> _EXERCISE_:
The expected result is a verbatim repetition of the lines from the start of the entries through the line containing "الرئيس السيسي استقبل", with the pictures removed.

Dataset excerpts
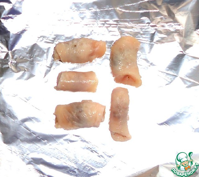 Куриное филе нарезать на полоски, отбить, посолить, посыпать сушеным базиликом.
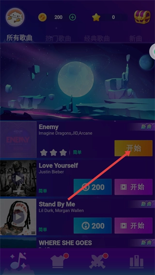 1、在歌曲选择界面,找到《Enemy》对应的“开始”按钮并点击,即可进入该歌曲的游戏准备界面。
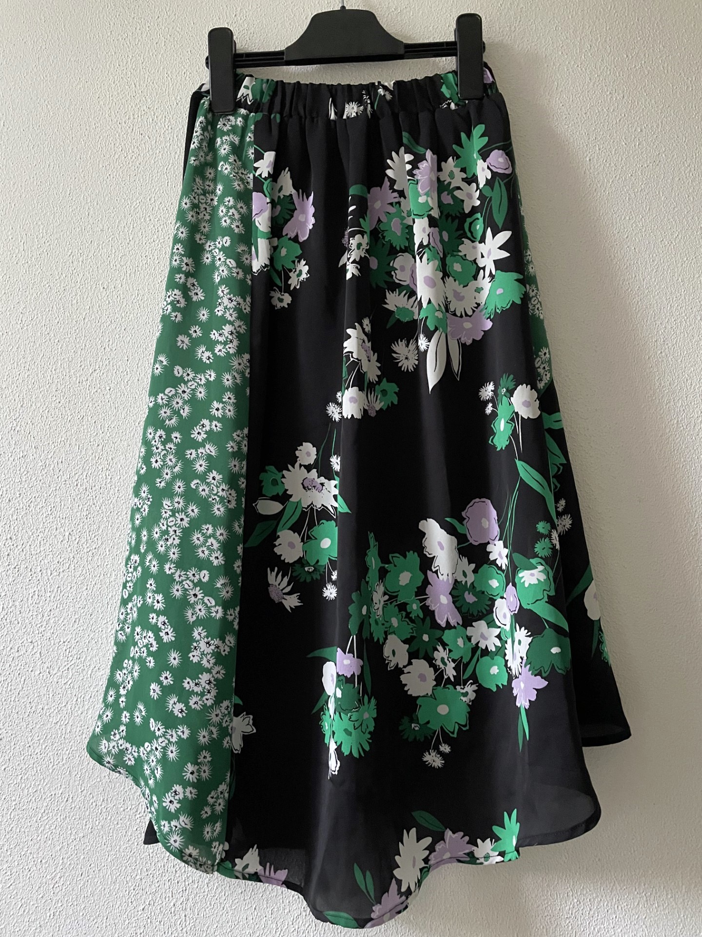 Lange rok met diverse kleuren en prints in uitlopend model. De rok heeft voor in de taille een gladde band en achter elastiek en valt achter glooiend en wat langer. Van een mooie kwaliteit polyester met elastan.
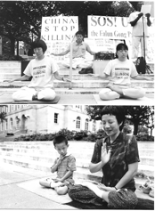 6)在華盛頓DC國際法會後,弟子們認識到給華人講清真相的重要性和嚴重性,所以當有華人時,都是放中文的錄像。一弟子打坐出定後,看到一西人女士向他招手。該弟子過去問有甚麼事,她說:「我要簽名。」弟子非常感動,因為當時正在放中文錄像,她根本聽不懂講的是甚麼,只是看了錄像上的一些畫面而已。
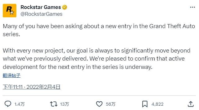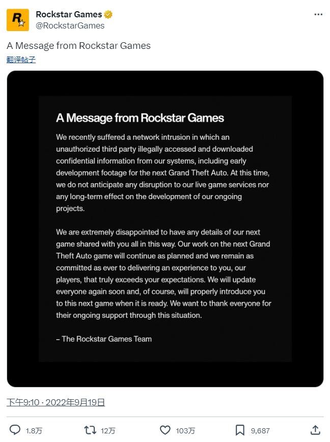有趣的是,第二受欢迎的推文也与《GTA6》有关,在去年,开发中的《GTA6》游戏片段被黑客泄露时,R星发布了一份解释声明,该帖子获得了超过100万点赞,是推特第二受欢迎的推文。另外,R新在2022年初首次确定《GTA6》正在开发的推文也获得了56万点赞。
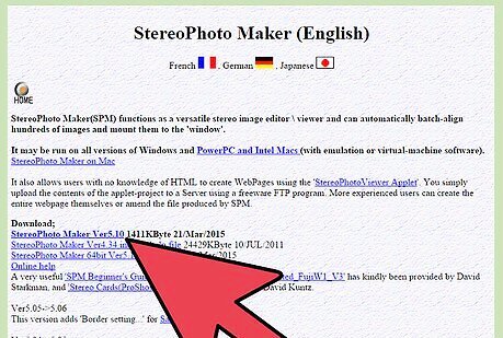 Go to the SteroPhoto Maker website and at the top you'll see: StereoPhoto Maker Ver4.01 836KByte 22/May/2009 StereoPhoto Maker Ver4.01 include help file 11087KByte 22/May/2009
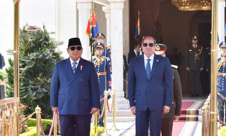 الرئيس السيسي استقبل بقصر الإتحادية الرئيس الإندونيسي برابوو سوبيانتو وتم عزف السلامين الوطنيين واستعراض حرس الشرف
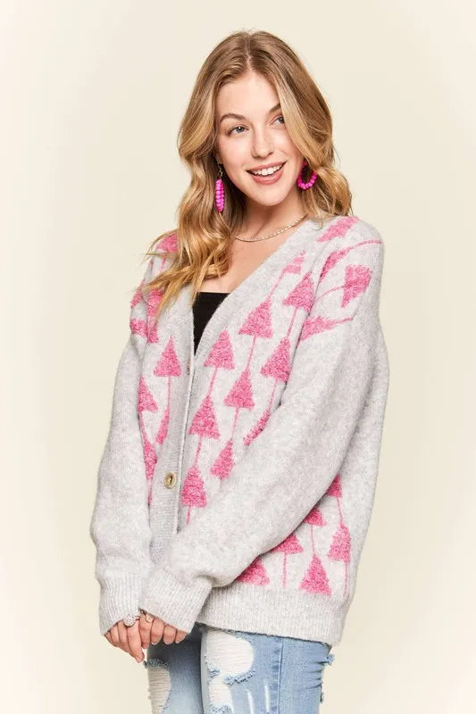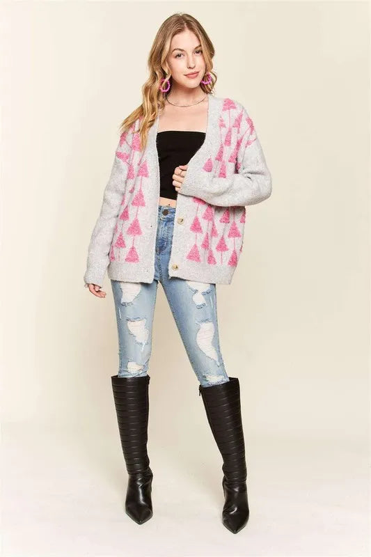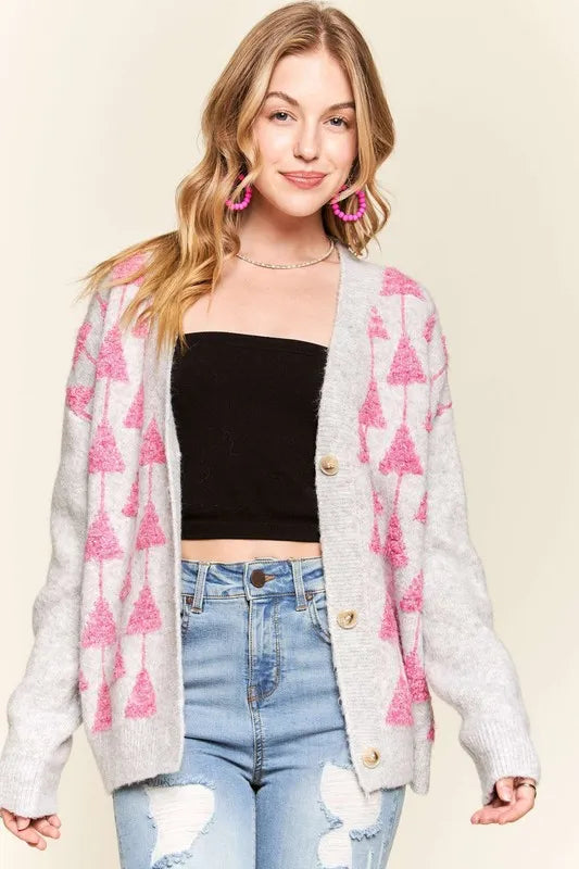 The fluffy tree accent cardigan is a cozy and whimsical addition to your wardrobe. With its fluffy texture and tree... Read more
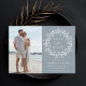 Este cartão elegante de salvar a data do casamento apresenta uma coroa de silhueta de flores silvestres com sua foto e iniciais do casal no verso. Para uma personalização mais avançada deste design, por favor clique no BOTÃO AZUL DE FERRAMENTA DE DESIGN acima!
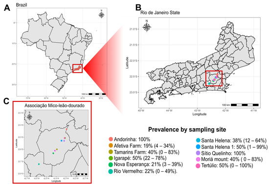 Geographic distribution of groups sampled in the state of Rio de Janeiro (RJ) (A), in the municipalities of Silva Jardim and Rio Bonito (B). In (C), we highlighted the municipalities where the collections were carried out, with Silva Jardim being the most representative (10 collection points) and Rio Bonito with only one point of data collection. Each color represents a different collection point. In the legend, we showed the SFV prevalence in each one of the collection points.

> _ANSWER SPACE_:
 Куриное филе нарезать на полоски, отбить, посолить, посыпать сушеным базиликом.
 1、在歌曲选择界面,找到《Enemy》对应的“开始”按钮并点击,即可进入该歌曲的游戏准备界面。
 Lange rok met diverse kleuren en prints in uitlopend model. De rok heeft voor in de taille een gladde band en achter elastiek en valt achter glooiend en wat langer. Van een mooie kwaliteit polyester met elastan.
 6)在華盛頓DC國際法會後,弟子們認識到給華人講清真相的重要性和嚴重性,所以當有華人時,都是放中文的錄像。一弟子打坐出定後,看到一西人女士向他招手。該弟子過去問有甚麼事,她說:「我要簽名。」弟子非常感動,因為當時正在放中文錄像,她根本聽不懂講的是甚麼,只是看了錄像上的一些畫面而已。
有趣的是,第二受欢迎的推文也与《GTA6》有关,在去年,开发中的《GTA6》游戏片段被黑客泄露时,R星发布了一份解释声明,该帖子获得了超过100万点赞,是推特第二受欢迎的推文。另外,R新在2022年初首次确定《GTA6》正在开发的推文也获得了56万点赞。
 Go to the SteroPhoto Maker website and at the top you'll see: StereoPhoto Maker Ver4.01 836KByte 22/May/2009 StereoPhoto Maker Ver4.01 include help file 11087KByte 22/May/2009
 الرئيس السيسي استقبل بقصر الإتحادية الرئيس الإندونيسي برابوو سوبيانتو وتم عزف السلامين الوطنيين واستعراض حرس الشرف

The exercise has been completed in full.